= Beginning of Section =
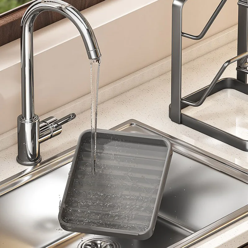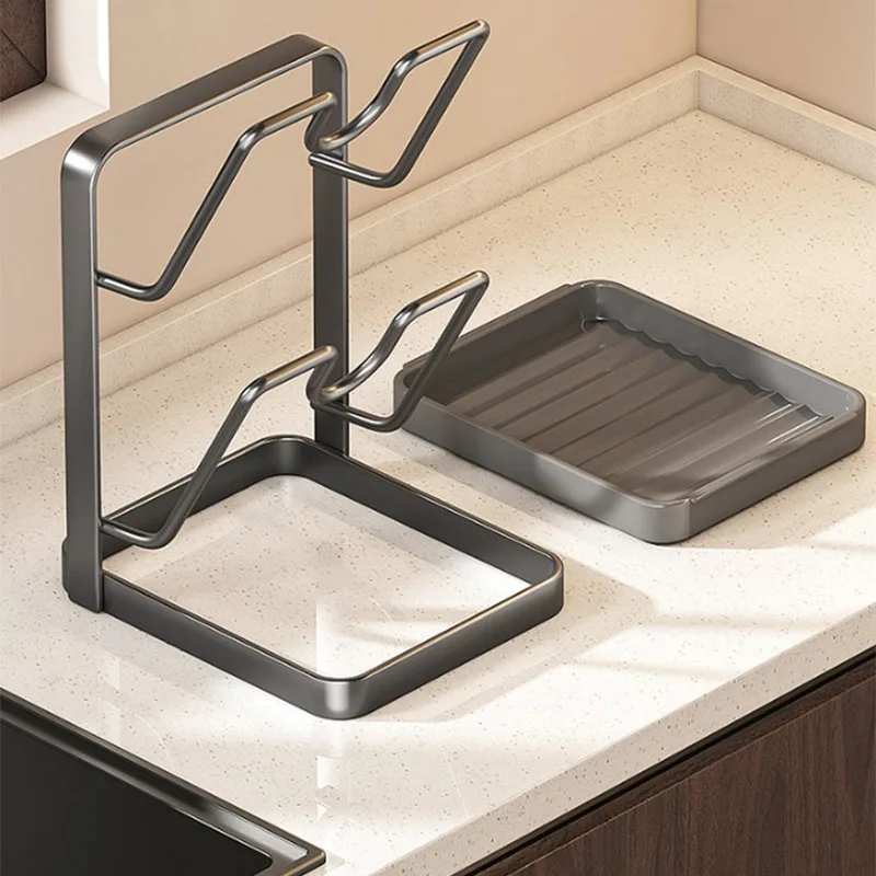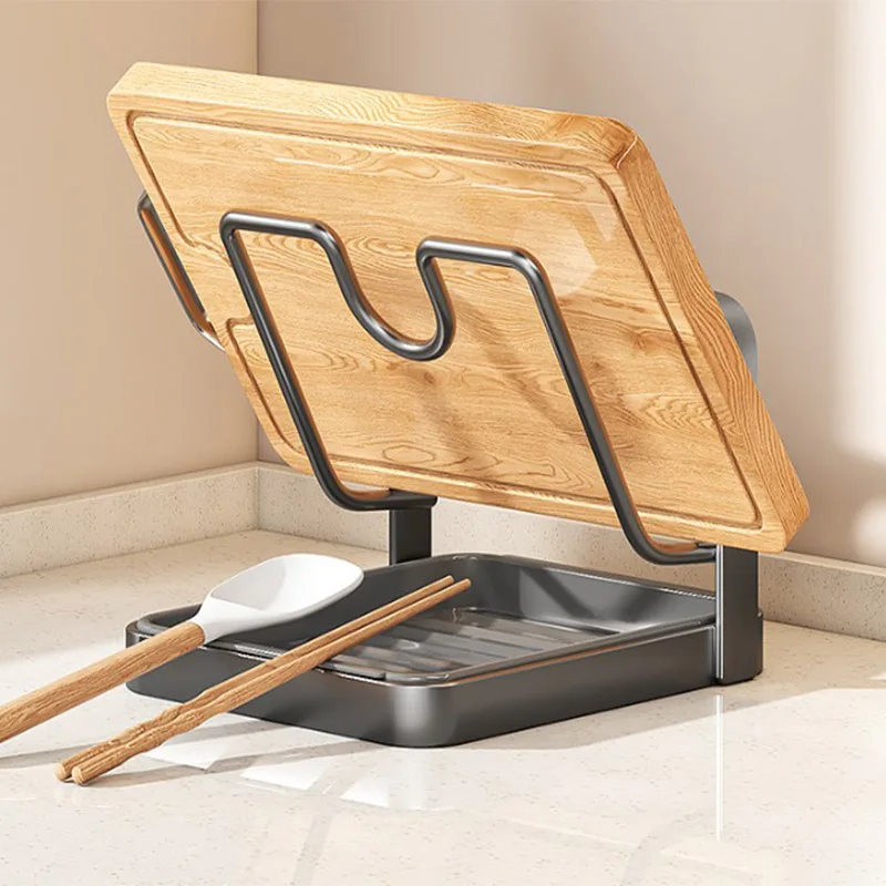 Köksförvaringsställ för kastrullock, spatlar och skärbräda med avrinning
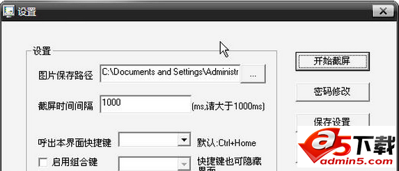 3.可用快捷键随时调出控制界面,进行参数的设定,参数包括图片保存路径,截屏时间间隔,快捷键,密码修改等;
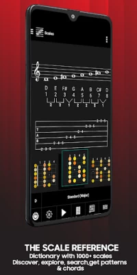 Expect extraordinary tools like a fingerpicking trainer, a transposer or a tone generator. Or a drum machine for songbook accompaniment or as a rhythm trainer. Or the innovative scale circle. It applies the principle of the circle of fifths to hundreds of scales and modes.
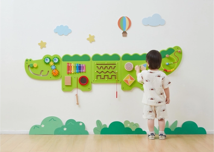 Dit leuke houten wandtableau in de vorm van een krokodil biedt kinderen vanaf 18 maanden uren aan zintuiglijk ontdekken en fijne-motoriektraining. Het bevat een xylofoon, tandwielen, een doolhof, schuif- en draaielementen en kralen op een draad, die oog-handcoördinatie, logisch denken en muzikale beleving stimuleren. Door de wandmontage bespaart het ruimte en is het ideaal voor kinderkamers, kinderopvang en speelhoeken.
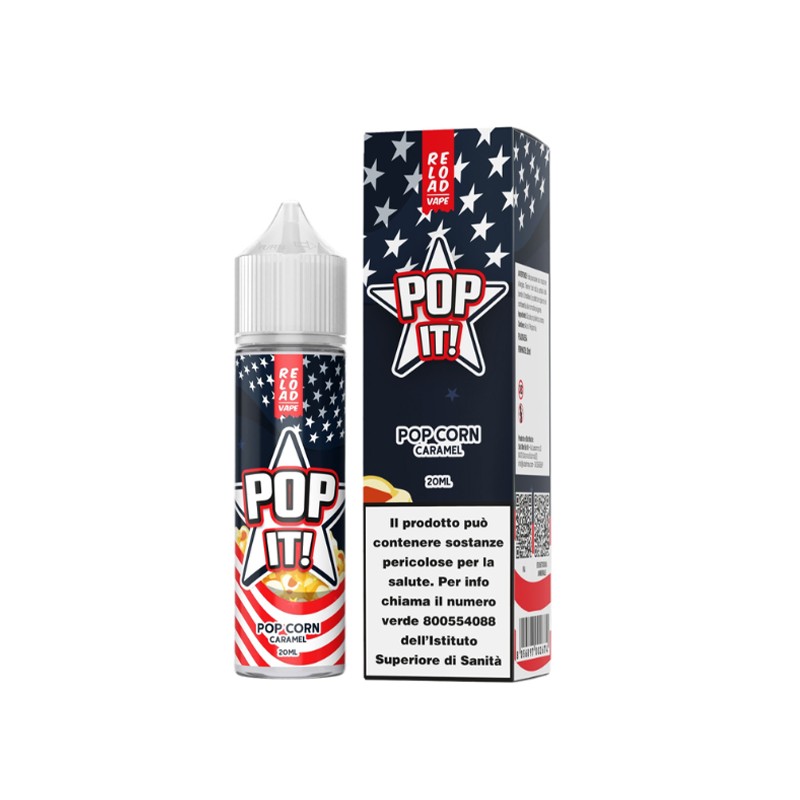 Reload Vape Pop It Pop Corn Caramel is a 20ml vape shot in a 60ml bottle. Caramel popcorn flavor.
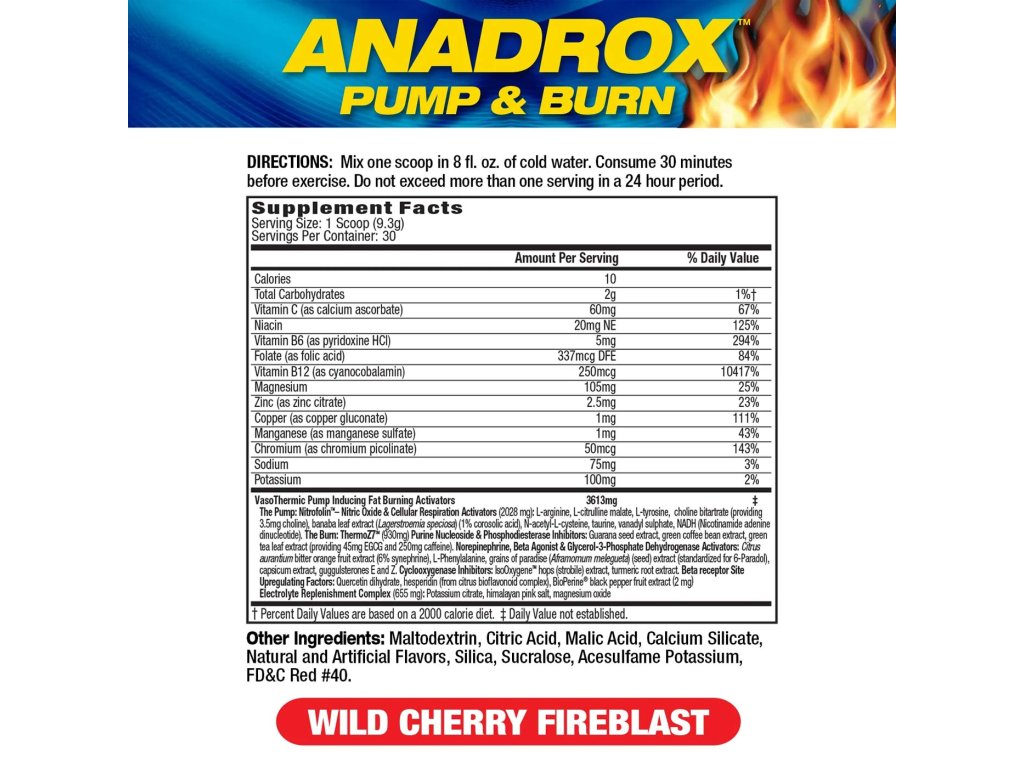 Anadrox Pump & Burn Pre-Workout kombinuje sílu oxidu dusnatého se silnými energizéry, látkami zvyšujícími výkonnost a vazotermickými katalyzátory spalování tuků v jedné průlomové formuli. Současné zvýšení oxidu dusnatého a termogeneze způsobuje rychlé zvýšení tepla, což zvyšuje váš metabolismus a spalování kalorií pro zvýšení odbourávání tukůTento pokročilý předtréninkový doplněk je navržen tak, aby podpořil váš trénink, zvýšil svalovou sílu a vytrvalost a zároveň zažehl extrémní napumpování a spalování tuků. Pokud jste sportovec zaměřený na výsledky, ANADROX Pump & Burn vám pomůže těchto výsledků dosáhnout. Pociťte pumpu a spalte palivo!
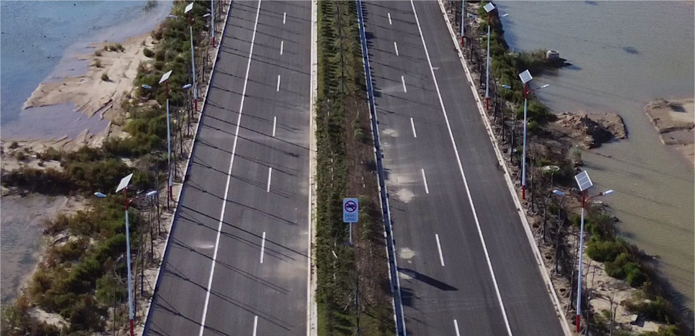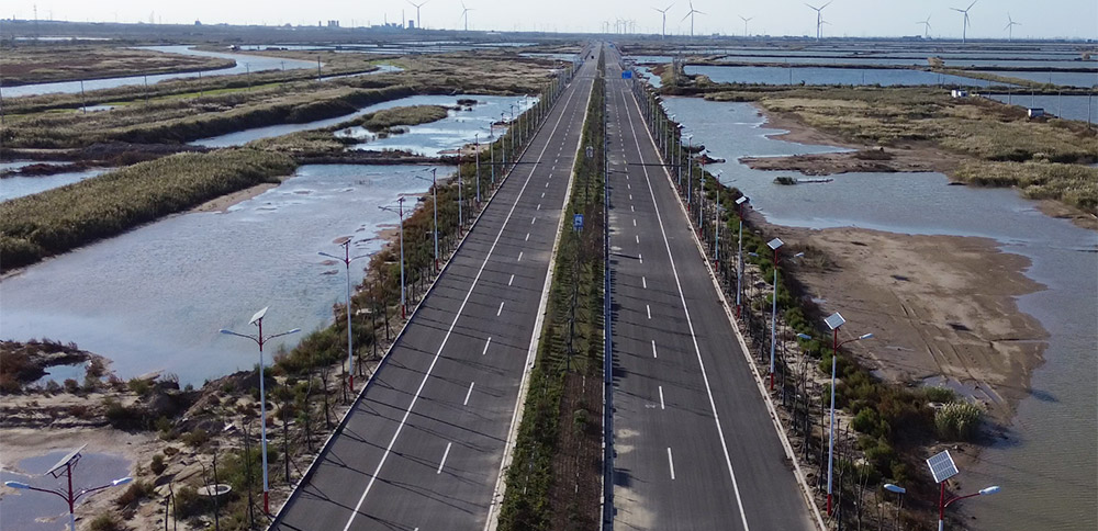 濱響大道規(guī)劃為黃海新區(qū)橫向主干道路,該項目分東、中、西三段實施,東起濱海港海堤,西至陳家港大道,道路全長45.5公里,規(guī)劃道路紅線寬60米,雙向六車道設計,設計速度60公里/小時,總投資約為35億元。作為黃海新區(qū)集疏運體系重要組成部分,濱響大道是策應市委、市政府“兩港兩城”建設、貫通濱海港區(qū)和響水港區(qū)的重要交通樞紐工程。該項目建成后將進一步完善新區(qū)路網(wǎng),有效提升產(chǎn)業(yè)空間布局,增強新區(qū)項目承載能力。
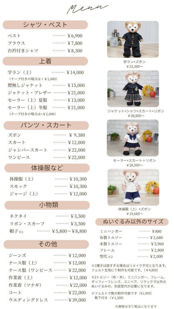 ・オリジナル木製トルソーサイズ、ハンガーサイズ、フレームサイズ及び、ダッフィー、シェリーメイ、ジェラトーニ、ステラルー、以外のぬいぐるみにリメイクする場合、別途型代¥2,000(税込)が必要になります。
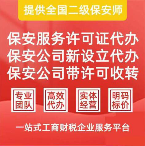 注册保安公司申请《保安服务许可证》的3大硬性条件: 第一,保安公司不同于其他公司,对注册资本做了限定,注册资金需达到100万元。所以想注册保安公司首先要准备好充足的资本。 第二,要有3名二级保安师证。申请《保安服务许可证》必须要有3名二级保安师人员,其中一名二级保安师为法人或高层管理员。也就是说,法人或高层管理人员必须有相关保安从业经验,而且要有二级保安师资格证。 第三,场地也有严格规定。 我司特色服务:0元代办营业执照,公司注册,各类许可证代办,公司注销变更,全程无需本人到场,1-3天拿证
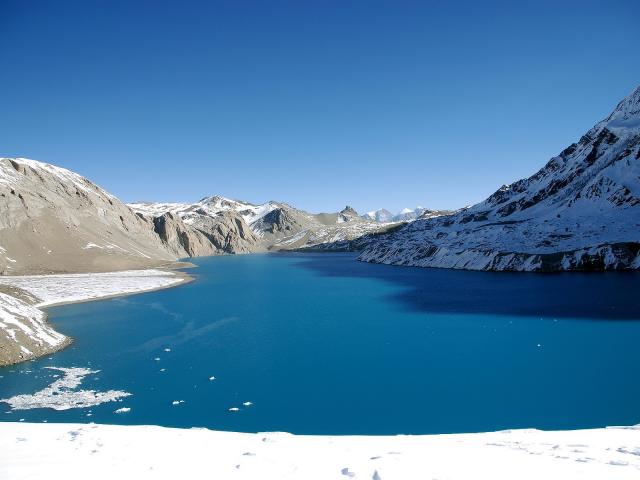 Wallpaper Mountain Lake is covered with ice
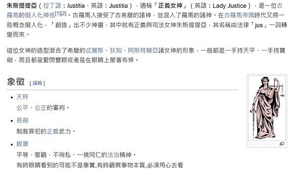 Justitia(正義女神)司法女神/一名裸露胸膛的婦女,手持天秤及長劍,並有時戴有眼罩/由代表正義的古希臘法律女神忒彌斯(Themis)及古羅馬命運女神福爾圖娜(Fortuna)的形象混合而成/正義女神經常被造成帶眼罩之形象,代表其客觀、不徇私、一視同仁的平等精神。 @ 姜朝鳳宗族 :: 痞客邦 :: http://tinyurl.com/y4jmljhv
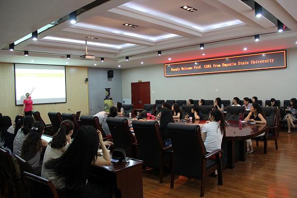 Cara首先进行了自我介绍,并对恩波利亚州立大学的基本情况作了简介。随后重点介绍了恩波利亚州立大学的TESOL教育及相关课程安排,强调了实践的重要性。最后,Cara就中美英语教学的差异等问题与在场师生进行了热烈的讨论。
= End of Section =
■ **Work request**
Nothing but the lines from the first line of the data above through the line holding "Anadrox Pump & Burn Pre-Workout" may appear in the response, copied exactly and without pictures.

■ **Written answer**
 Köksförvaringsställ för kastrullock, spatlar och skärbräda med avrinning
 3.可用快捷键随时调出控制界面,进行参数的设定,参数包括图片保存路径,截屏时间间隔,快捷键,密码修改等;
 Expect extraordinary tools like a fingerpicking trainer, a transposer or a tone generator. Or a drum machine for songbook accompaniment or as a rhythm trainer. Or the innovative scale circle. It applies the principle of the circle of fifths to hundreds of scales and modes.
 Dit leuke houten wandtableau in de vorm van een krokodil biedt kinderen vanaf 18 maanden uren aan zintuiglijk ontdekken en fijne-motoriektraining. Het bevat een xylofoon, tandwielen, een doolhof, schuif- en draaielementen en kralen op een draad, die oog-handcoördinatie, logisch denken en muzikale beleving stimuleren. Door de wandmontage bespaart het ruimte en is het ideaal voor kinderkamers, kinderopvang en speelhoeken.
 Reload Vape Pop It Pop Corn Caramel is a 20ml vape shot in a 60ml bottle. Caramel popcorn flavor.
 Anadrox Pump & Burn Pre-Workout kombinuje sílu oxidu dusnatého se silnými energizéry, látkami zvyšujícími výkonnost a vazotermickými katalyzátory spalování tuků v jedné průlomové formuli. Současné zvýšení oxidu dusnatého a termogeneze způsobuje rychlé zvýšení tepla, což zvyšuje váš metabolismus a spalování kalorií pro zvýšení odbourávání tukůTento pokročilý předtréninkový doplněk je navržen tak, aby podpořil váš trénink, zvýšil svalovou sílu a vytrvalost a zároveň zažehl extrémní napumpování a spalování tuků. Pokud jste sportovec zaměřený na výsledky, ANADROX Pump & Burn vám pomůže těchto výsledků dosáhnout. Pociťte pumpu a spalte palivo!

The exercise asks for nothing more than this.